The following organizations and agencies support the State Medical Response System (SMRS).

State Agencies:       North Carolina Department of Crime Control and Public Safety
                      North Carolina Department of Health and Human Services
                      North Carolina Office of Emergency Medical Services
                      North Carolina Division of Public Health - Office of Public Health Preparedness &
                      Response (PHP&R)
                      Regional Response Teams (RRT)
                      North Carolina Disaster Response Network
                      North Carolina Department of Public Information

Federal Agencies:     Department of Health and Human Services
                      Department of Homeland Security
                      Federal Emergency Management Agency (FEMA)



OVERVIEW

Purpose
The purpose of Emergency Support Function 8 is to coordinate the medical and public health resources in
case of an emergency or disaster situation. The State Medical Response System (SMRS) Annex describes
the procedures and guidelines in place that will allow the Mountain Area Trauma Regional Advisory
Committee (MATRAC) to coordinate this supplement to local and regional medical care.


Situation
North Carolina has taken great strides in streamlining and improving its ability to respond to the medical
needs of its citizens in order to be better prepared for unexpected emergencies.
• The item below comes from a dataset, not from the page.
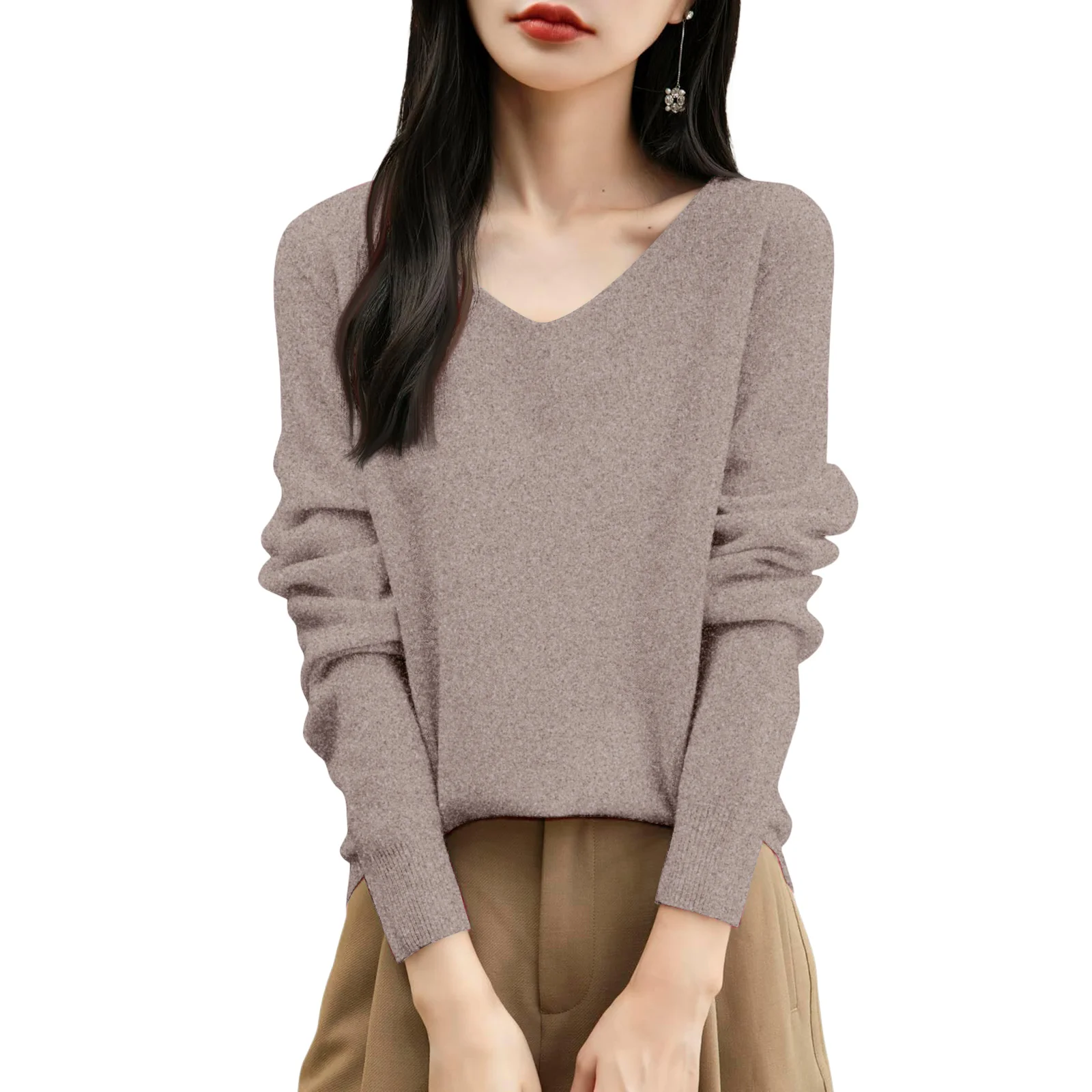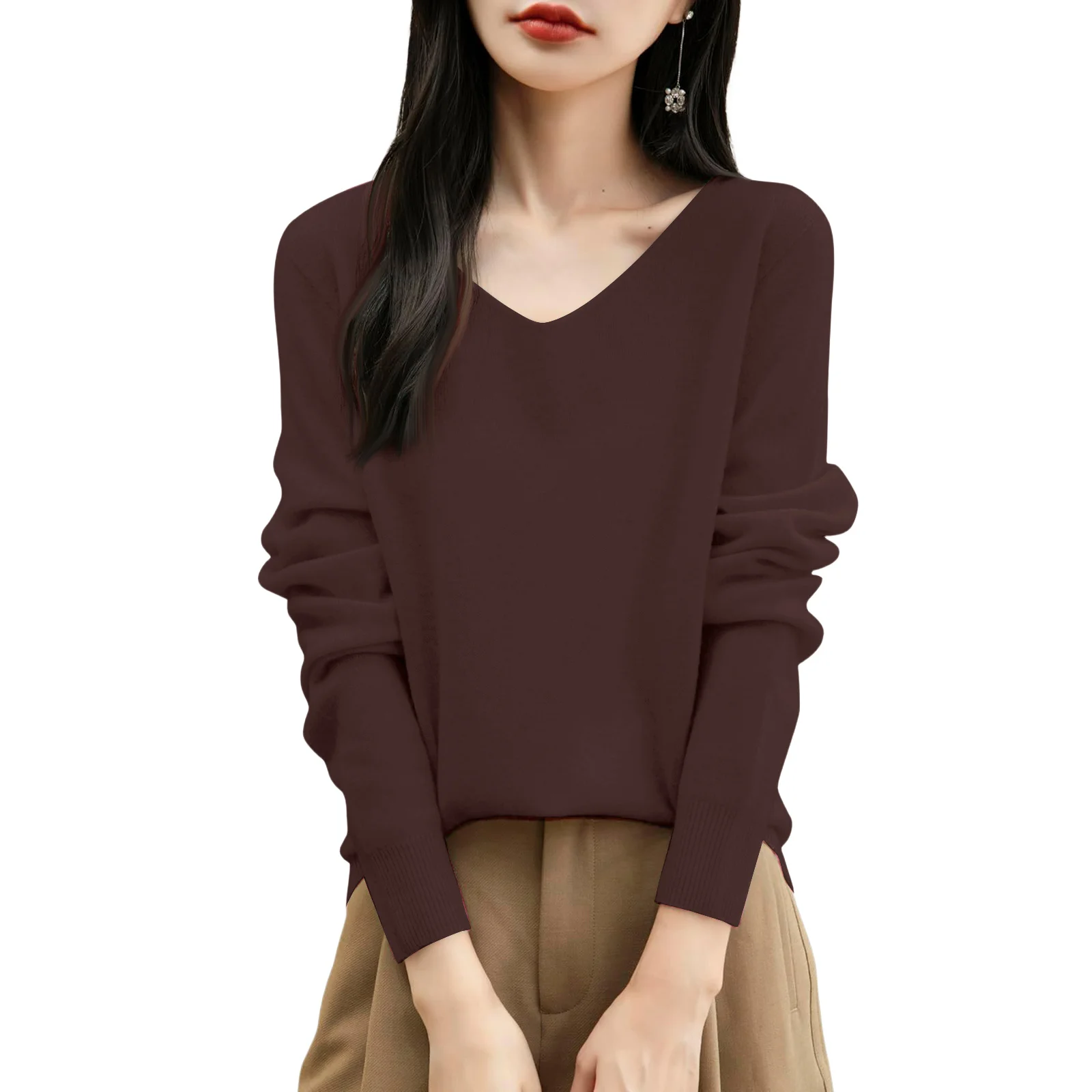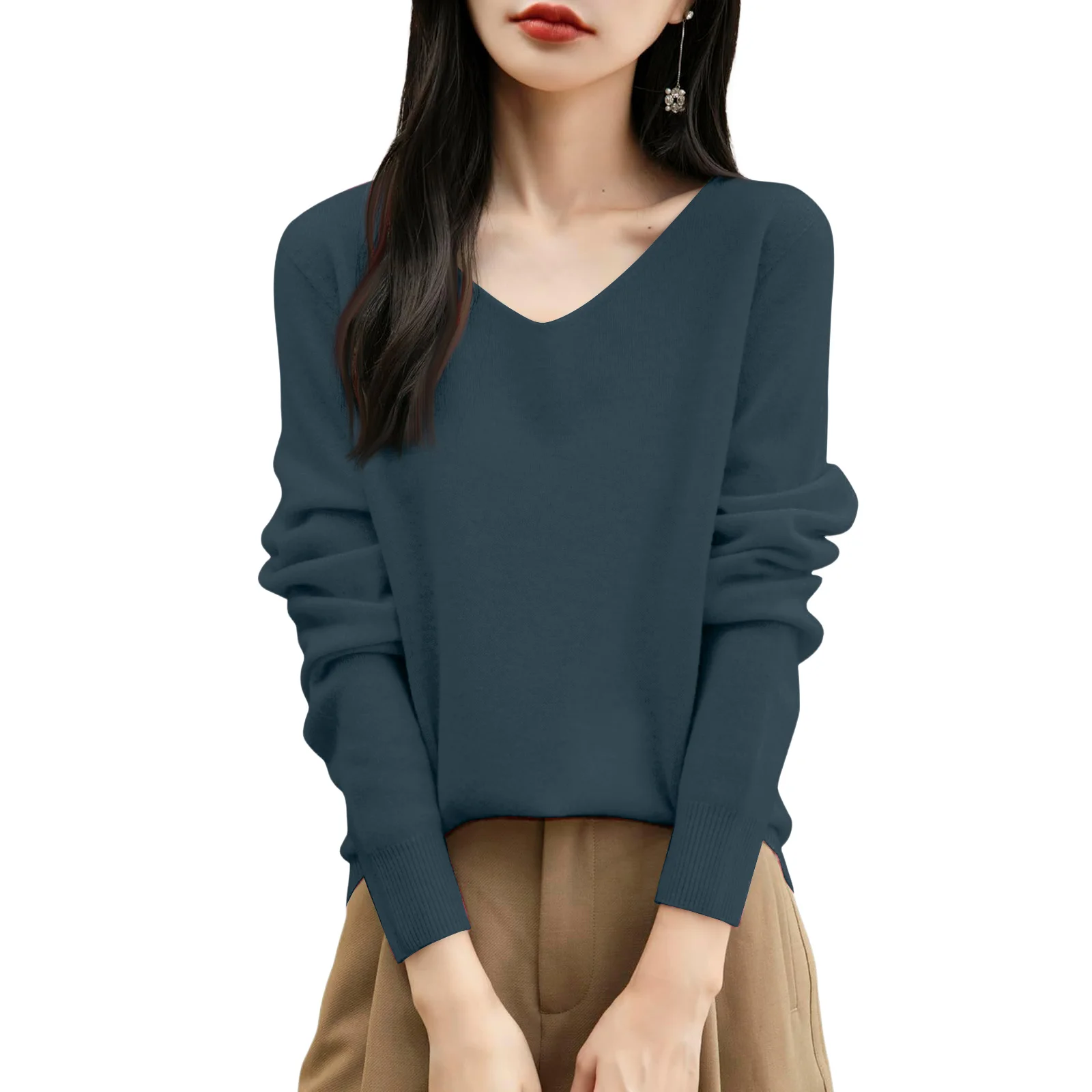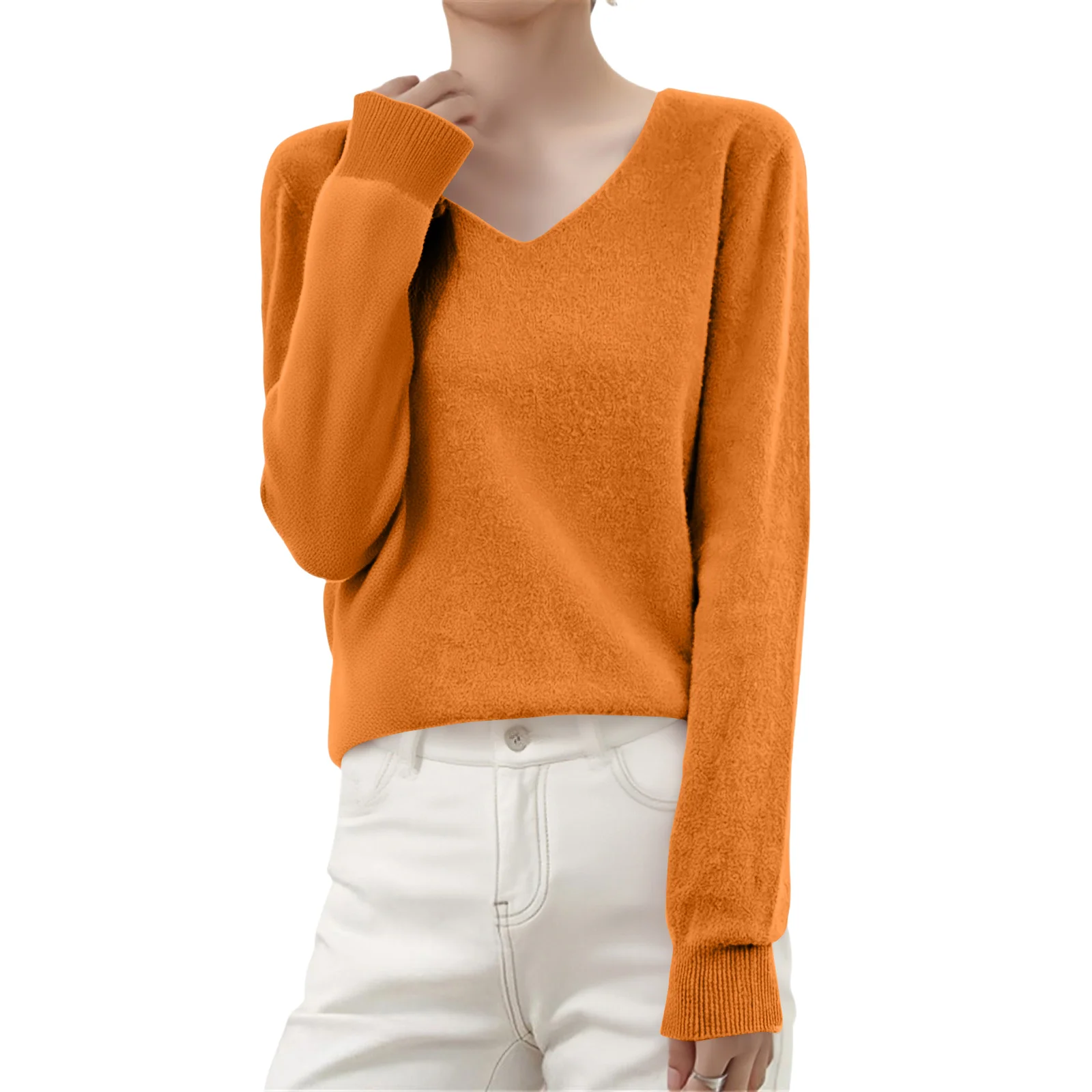 Women'S Fashion Flat-Knit V-Neck Pullover Sweater Solid Color Long-Sleeve Top Pulls Femmes Woman Clothes Sweater For Woman

Local, state, and regional
agencies have collaborated to form a tiered system called the State Medical Response System (SMRS).
The following North Carolina agencies have joined efforts to focus on the treatment and response phase
of natural and man-made disasters. These agencies represent the core systems responsible for
coordinating a disaster response, ensuring that treatment and prevention strategies are in place, and
ensuring the appropriate levels of disease surveillance and medical preparedness.
North Carolina Office of Emergency Medical Services (NCOEMS)
North Carolina Division of Emergency Management (NCDEM)
North Carolina Division of Public Health - Office of Public Health Preparedness & Response (PHP&R)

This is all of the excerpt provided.